··· DATA BLOCK ···
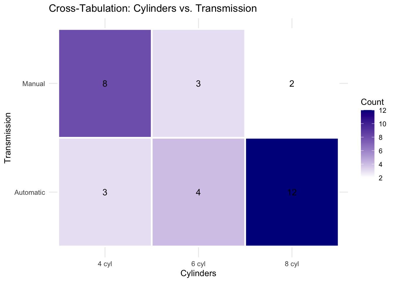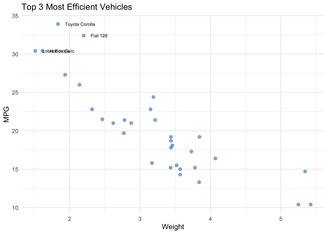 Academic framing: “Among 32 vehicles, a strong negative correlation (\(r = -0.87\), 95% CI \([-0.93, -0.74]\)) exists between weight and fuel efficiency, suggesting that vehicle mass is a significant determinant of energy consumption.”
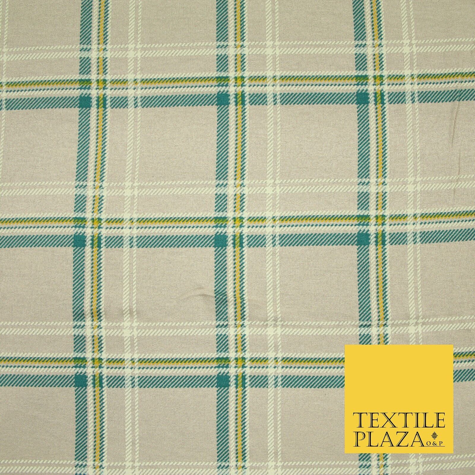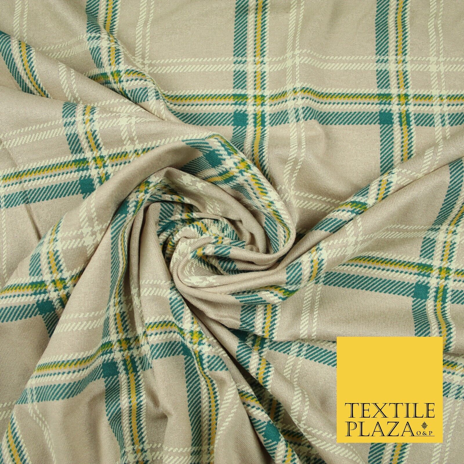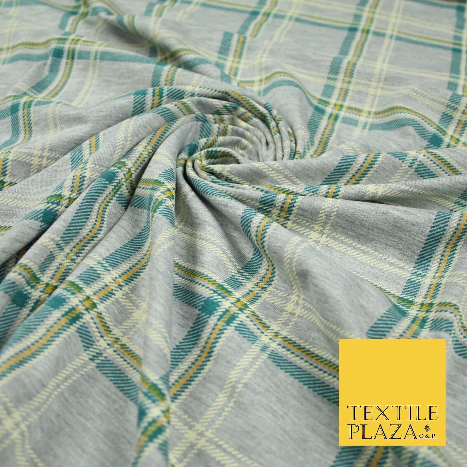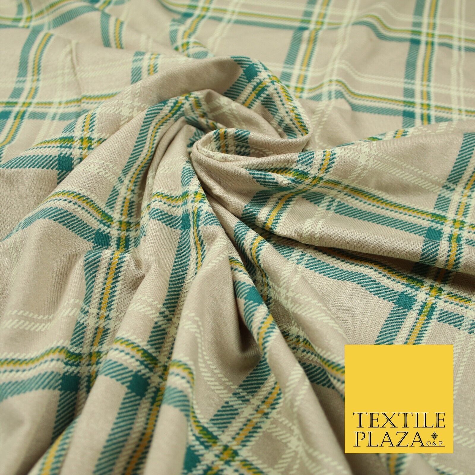 Grey/Beige with Teal & Mustard Tartan Print Soft Stretch Jersey Fabric 56"
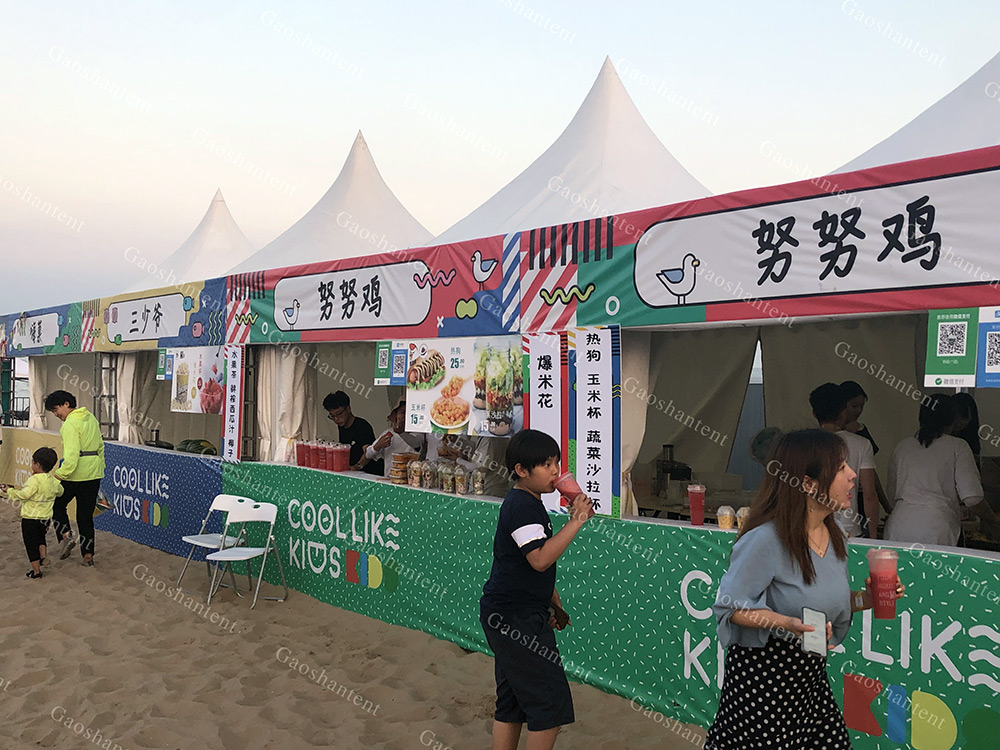 臨時售票廳/接待處:臨時室外活動使用時間短,高山尖頂篷房可靈活拆搭,功能性強,廣泛應用于車站、會議、演唱會、體育賽事等大中小型活動。
···
TO DO
The lines needed are those from the one containing "Grey/Beige with Teal" through the end of the listing, given again word for word and without any picture.

EXERCISE ANSWER
 Grey/Beige with Teal & Mustard Tartan Print Soft Stretch Jersey Fabric 56"
 臨時售票廳/接待處:臨時室外活動使用時間短,高山尖頂篷房可靈活拆搭,功能性強,廣泛應用于車站、會議、演唱會、體育賽事等大中小型活動。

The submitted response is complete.